It was a head full of conflicting emotions for yours truly while navigating the malls over the past few days.
On the one hand, people were certainly out and about, looking for last-minute gifts. The malls were alive, reaffirming -- to me at least -- that not everything is bought online. People still love to touch and see the product they are plunking down good money to buy.
But even though the malls weren't dead, they weren't as strong as I would have liked, given the robust start to the holiday shopping season and ongoing stock market rally. I don't think this is any harbinger of a U.S. recession here -- rather an indication that people bought a good number of gifts early on in this season amid mouth-watering discounts.
Meanwhile, restaurants seemed emptier than the norm on Super Saturday, otherwise known as the last big shopping day of the year. But then again, there were lines out the door at Foot Locker (FL) stores and believe it or not, Pandora. Coats were sitting idle, despite the onset of the cold weather and deep discounts. Overall, discounts still felt high (especially in watches -- there is a deluge of smartwatches on the market this season), and it's something that should have investors in department stores such as Macy's (M) and J.C. Penney (JCP) mildly concerned on how the quarters shaped up. To stay long these names right now, one has to be fairly optimistic on how much volume each moved in order to offset their promotional investments.
Having said that, one thing remained very constant in my final store walks of holiday season 2016. That is the sheer domination of TJ Maxx (TJX) and its super discount chain Marshall's. In short, I think TJ Maxx is prepared to shock the hell out of Wall Street -- which already loves the company -- with its sales and earnings when it announces results sometime in February. Both Marshall's and TJ Maxx have been experiencing a thing of beauty over the past week. Robust lines, people gobbling up loads of merchandise and employees getting people's money at the some of the fastest speeds in the retail industry.

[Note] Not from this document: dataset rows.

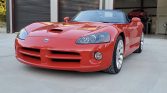 Introduced for the 2003 model year, the third-generation Viper was initially only offered as a roadster. This example is finished in Viper Red (PRN) and features a black soft top, HID headlights, integrated fog lamps, a hood scoop and louvers, power mirrors, side-exit exhaust outlets, and a rear diffuser. The rear decklid struts were reportedly replaced in September 2021.
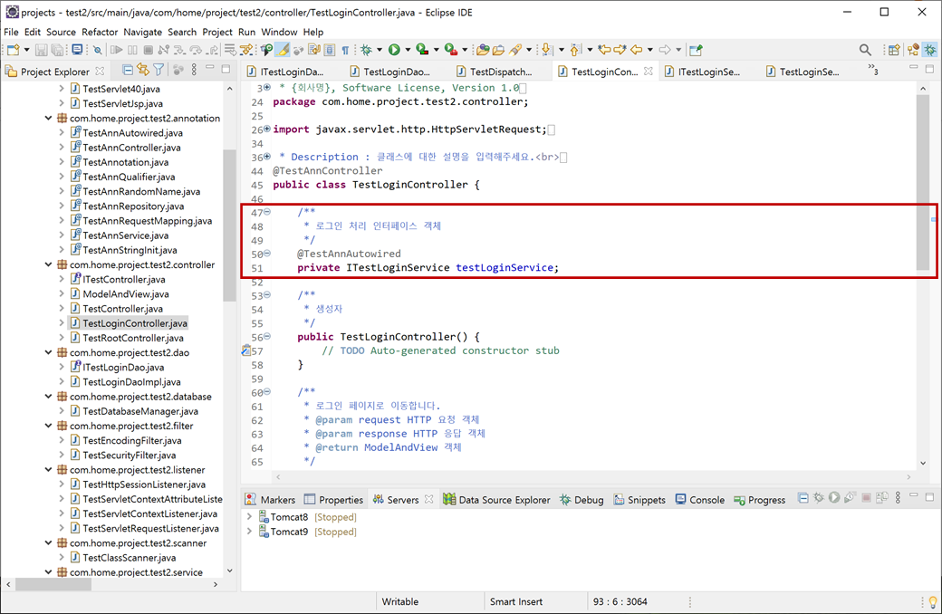 "TestLoginController.java"클래스에 "ITestLoginService"클래스 맴버 필드를 추가하고 "@TestAnnAutowired"어노테이션을 추가합니다.
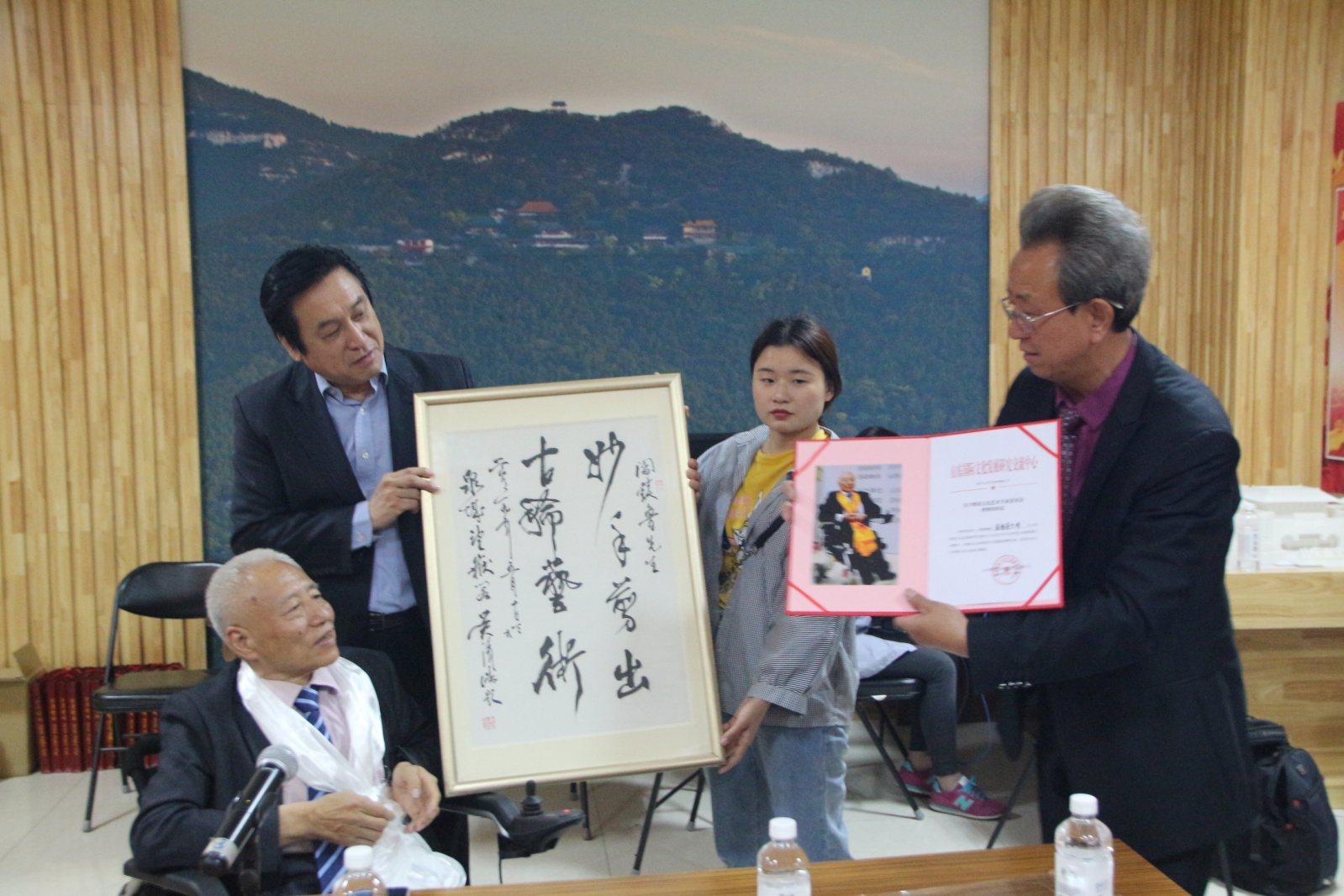著名学者型社会活动家、北京大学齐鲁发展研究会名誉会长、齐鲁文化艺术名家讲坛组委会艺术总监吕季明院长为阎铁鲁先生颁发山东省对外文化交流研究发展中心理事证书并献哈达;百花洲传统工艺工作站代表张冰向阎铁鲁先生颁发证书。

Here are some reasons why TJ Maxx won the holidays:
Significantly expanded (among the stores I was able to touch) assortments of home goods at Marshall's. And we aren't talking junk inventory, we're talking high quality stuff that looks straight out of the high quality section at Macy's (or in some instances Bloomingdales).
The bankruptcies of Sports Authority this year, coupled with department store closures, have filled TJ Maxx and Marshall's with amazing merchandise. Kudos to TJ Maxx's best in class buying team; it's amazing the high quality merchandise they were able to secure. I walked into several Marshalls, headed toward the sportswear and shoe departments and thought I was actually in a Nike (NKE) or Under Armour (UA) store. The prices were unbeatable on products that tend to go for double elsewhere.
Women's clothing section vastly improved at both chains. It wasn't too long ago that a Marshall's, for example, had the closeout merchandise from department stores that nobody wanted. You know, the extra large sizes and horrible colors. Not anymore. During my casual walks through the women's sections, the stuff was on trend, amazingly priced. There was even tons of athleisure stuff on the sales floor.
What sealed this piece from me today was a conversation in Marshall's on Sunday with a teenager in the sneaker section. He was scanning the Nike sneakers with an app, which caught my attention. So, I asked what he was doing. He said this holiday season he started a business of buying collectable Nike sneakers inside Marshalls and then selling them for double on EBay. What brought him to the store on Sunday was a pair of blue Nike high-top sneakers sweeping the internet that apparently Marshall's was selling. The company was selling them for $59.99, but the retail value is close to $2,000. Umm yes, insane, but oh, so telling.
Bottom line: TJ Maxx dominated this holiday season and is prepared to post a monster quarter in February. Expect analysts to jack up their estimates this week and into January and for the stock to make a new leg higher.